The Australian Transport Safety Bureau (ATSB) has released its investigation of a Dec. 24, 2011 accident involving an AgustaWestland AW139 that was used in a winching operation for a seriously injured hiker at the bottom of a waterfall. The incident resulted in the patient and paramedic Michael Wilson being dragged along rock cliffs, resulting in the death of Wilson. The investigation highlighted a number of safety issues related to operational procedures, lighting, radio communication and risk assessment surrounding dusk/night-time conditions in potentially hazardous environments.

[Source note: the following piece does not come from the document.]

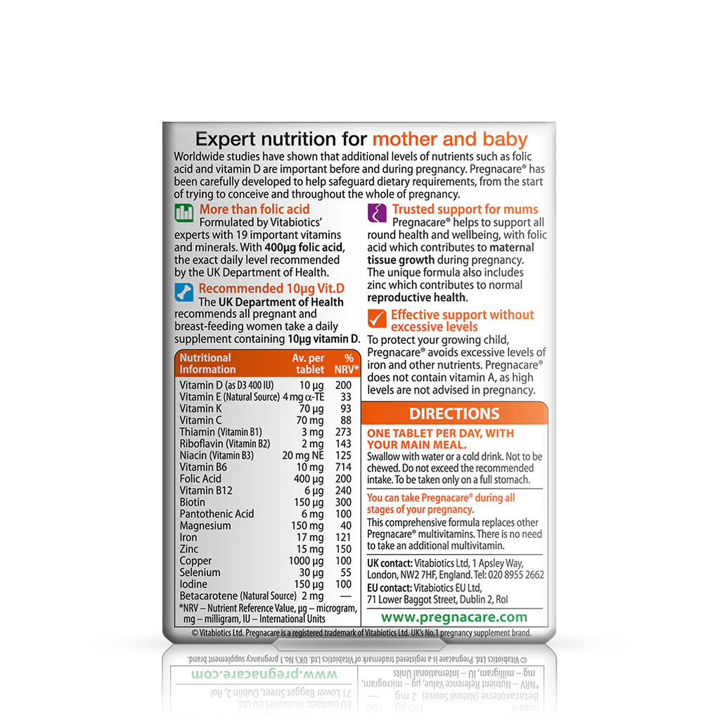 Pregnacare prenatal supplement is the most popular and trusted by mums to safeguard the diet of those who are planning for pregnancy or are already pregnant. A scientifically developed formulation of 19 important vitamins and minerals, Pregnacare contains 400µg folic acid and 10µg vitamin D, as advised by the UK Department of Health during pregnancy and breast-feeding. Pregnacare has been carefully developed by experts so that all ingredient levels are within safe levels for pregnancy and are moderate rather than excessive.

According to ATSB, the AW139 took off from Bankstown Airport in response to a personal locator beacon (PLB) alert in Budderoo National Park, which is around 16 km (about 10 miles) from Wollongong Airport in New South Wales. Two people had been climbing near Bridal Veil Falls when the rope holding up one of them failed, and he fell to the bottom of the falls. The other person sent out the PLB signal, and the Rescue Coordination Center of Australia (RCC) sent the AW139 in response.

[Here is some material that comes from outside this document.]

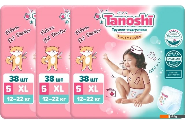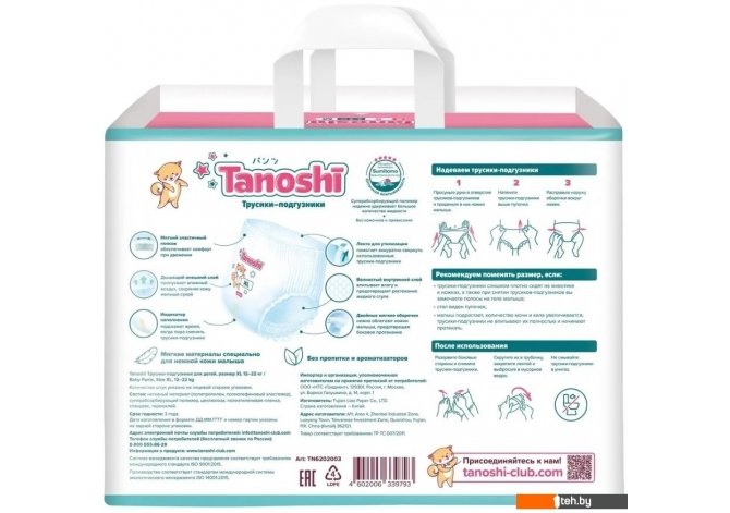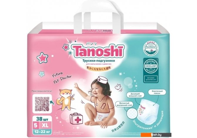 Фотографии, описание и технические характеристики модели Tanoshi Baby Pants XL 12-22кг (114 шт) взяты из открытых источников, официального сайта производителя или представительства Tanoshi в Республике Беларусь.

After the helicopter crew arrived and determined that a direct winch operation would not be possible due to the terrain and vegetation, they flew to a staging area to devise a plan to rescue the injured hiker. The crew decided to winch two paramedics down to the top of the waterfall, where one of the paramedics (Wilson) would climb down to the injured hiker and the second would stay at the top of the waterfall. In addition to a climbing rope, Wilson took a second rope known as a tag line down with him, which would later be used to attach the patient to the helicopter. In order to stabilize the tendency for the object at the end of the rope (in this case the injured hiker) to swing like a pendulum, the team decided to use a stabilizing rope system.
Graphic showing a winch hook delivery using the tag line. From the ATSB report
Following the finalization of the plan including assessment of a number of equipment and lighting issues (as dusk was approaching), the helicopter moved into position to attempt the rescue. During the operation the air crewman (ACM) noted that he had received a hand signal from Wilson that he and the patient were ready to be winched. A short time later after pulling in the slack from the winch cable and the helicopter climbing 20 feet, the ACM reported that the pair had come off the ledge in a controlled manner, but that the stabilizing rope had appeared to fail. Wilson and the patient fell several feet onto a lower ledge before swinging toward the helicopter and striking a second rock at the base of the waterfall.
ATSB concluded that the reduced light, the helicopter’s positioning, adapting procedures and incomplete training were factors in the accident, along with organizational issues within the Ambulance Service of New South Wales and the helicopter operator, which both have since taken action to address the issues.
The accident sheds light on “the dangers associated with modifying established procedures to complete a difficult, and potentially not previously experienced, rescue task,” the ATSB report states, adding: “The use of procedures that are neither documented or trained for by crews makes it difficult to identify hazards and manage the related risks.”